Constitutional judgment, public performance, and the limits of spiritual jurisdiction.

This research section has been rebuilt as a book-like dissertation. Instead of one long prospectus page, it now opens with a table of contents and links into chapter pages that move from founding-era constitutional discourse to staged Supreme Court thought experiments about the limits of state power.

Core question

What can the constitutional state rightly govern, and what must remain beyond its jurisdiction?

Method

Political theory, founding-era print history, performance analysis, and staged legal thought experiments.

Form

A native web dissertation designed to be read like a linked scholarly book.

What this dissertation argues.

Staging the State argues that constitutional authority is made credible not only through doctrine and institutional design, but through scenes of address, persuasion, performance, and judgment. The founding archive shows how the American state had to be narrated before it could be inhabited. The later chapters extend that insight into conflicts where the state is tempted to overreach into sacred offense, spiritual injury, or metaphysical promise.

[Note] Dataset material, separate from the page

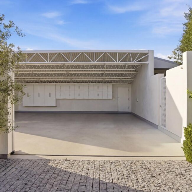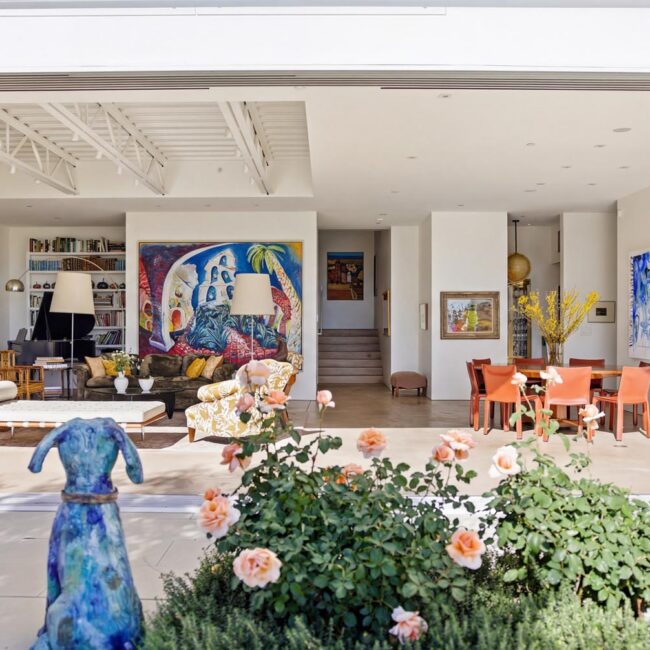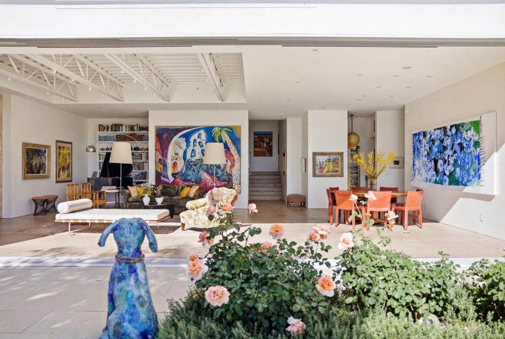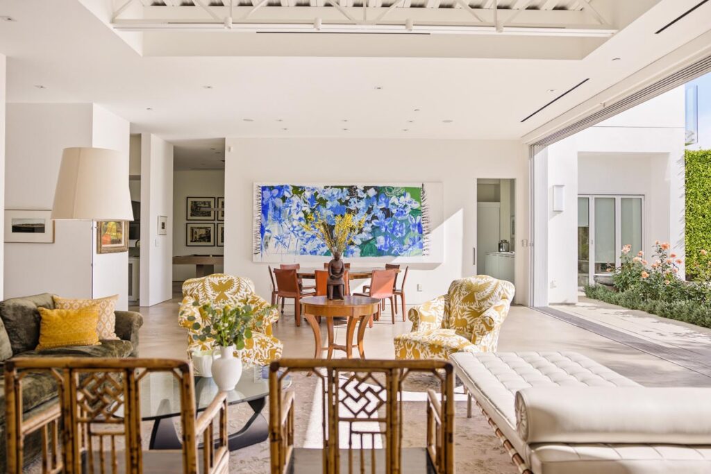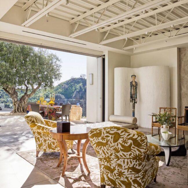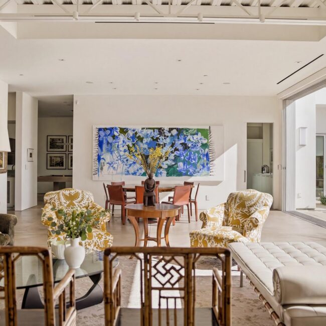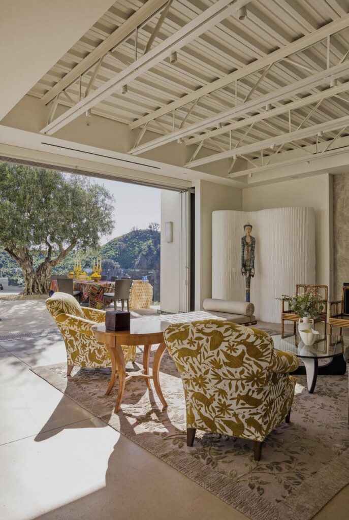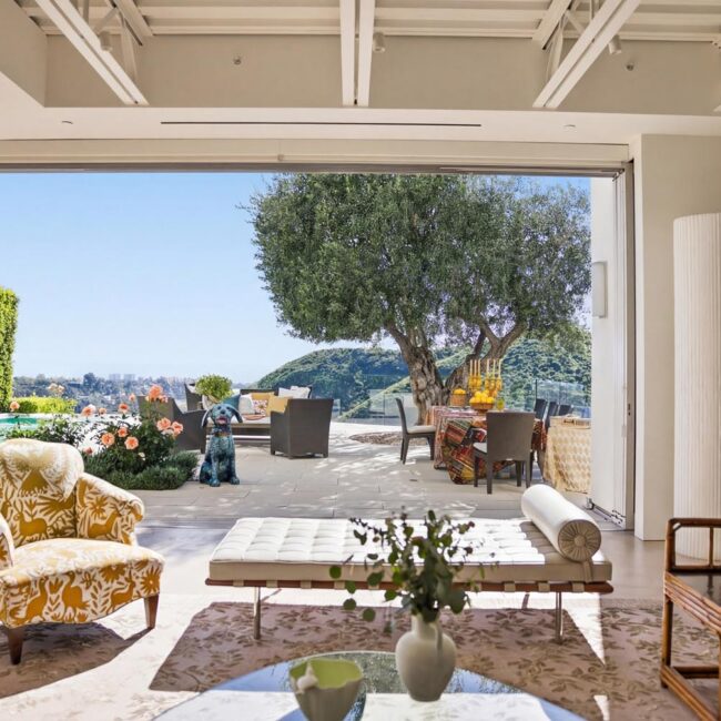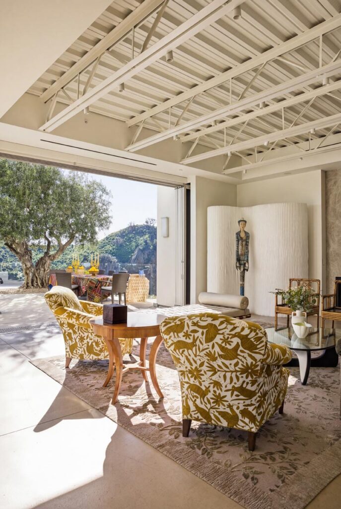 The home itself is defined by scale, clarity, and light. Expansive glass pocket doors dissolve the boundary between interior and exterior, opening the primary living space to a wide terrace and pool framed by mature hedges and an old olive tree. Polished concrete floors, white steel trusses, and restrained architectural lines create a clean, modern canvas softened by layered furnishings and collected artwork.
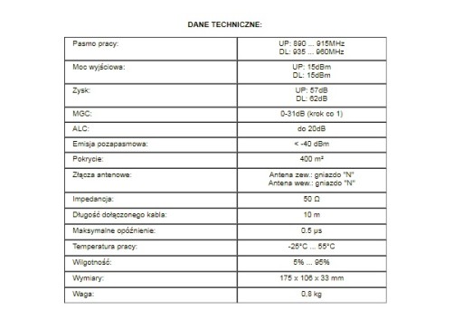 - Urządzenie przeznaczone dla telefonów GSM, pracuje w paśmie 890-960MHz -powszechnie stosowanym sieciach Orange, Plus, T-Mobile, Play, Heya, TakTak itp. wzmocnienie sygnału odpowiednie do deklarowanego zasięgu

The dissertation therefore treats separation of church and state not merely as an administrative arrangement, but as a doctrine of political humility. The state may regulate conduct and adjudicate disputes, but it cannot safely certify transcendence, govern the soul, or repair spiritual injury on theological terms without claiming a form of authority constitutional restraint should deny it.

Read it like a book.

Three ways into the project.

  • Start with the introduction if you want the dissertation's main claim and architecture in one place.
  • Jump to Chapters 4 and 5 if you want the theatrical case studies first and the founding archive second.
  • Use the bibliography as a research shelf if you are reading this as a prospectus or committee-facing document.

The website is part of the argument.

This dissertation is designed for linked reading rather than a single fixed container. Navigation, sequencing, modular structure, and public legibility are not decorative features here. They are part of the claim that constitutional judgment is staged through arrangement, circulation, and scenes of encounter.